What to work on: Would you transcribe the entries below, beginning at the line with "在文科楼1104室召开新学期班主任工作会,部署开学初及本学期重点工作。" and ending after the line with "y el látex.", exactly, with no picture and nothing more?

Given information:
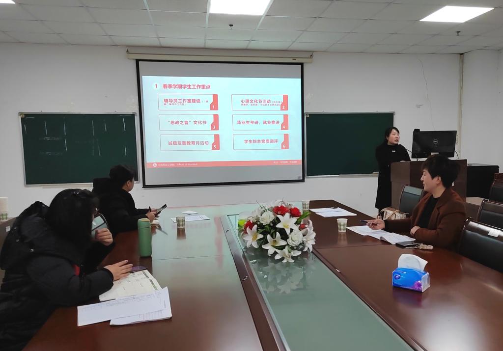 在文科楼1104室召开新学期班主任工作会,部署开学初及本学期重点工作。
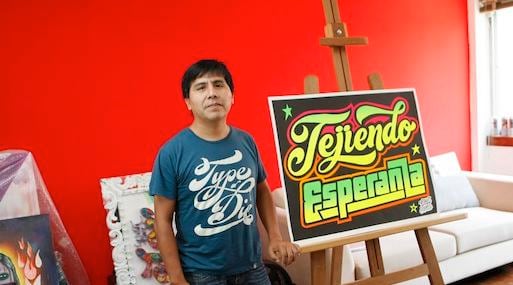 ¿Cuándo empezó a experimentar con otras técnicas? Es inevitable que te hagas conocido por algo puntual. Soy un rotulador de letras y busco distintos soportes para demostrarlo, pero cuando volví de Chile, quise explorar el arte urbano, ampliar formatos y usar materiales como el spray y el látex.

--

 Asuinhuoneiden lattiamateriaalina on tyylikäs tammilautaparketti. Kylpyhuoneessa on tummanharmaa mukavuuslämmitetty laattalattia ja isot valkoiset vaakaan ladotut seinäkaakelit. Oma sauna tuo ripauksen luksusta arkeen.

Solution:
 在文科楼1104室召开新学期班主任工作会,部署开学初及本学期重点工作。
 ¿Cuándo empezó a experimentar con otras técnicas? Es inevitable que te hagas conocido por algo puntual. Soy un rotulador de letras y busco distintos soportes para demostrarlo, pero cuando volví de Chile, quise explorar el arte urbano, ampliar formatos y usar materiales como el spray y el látex.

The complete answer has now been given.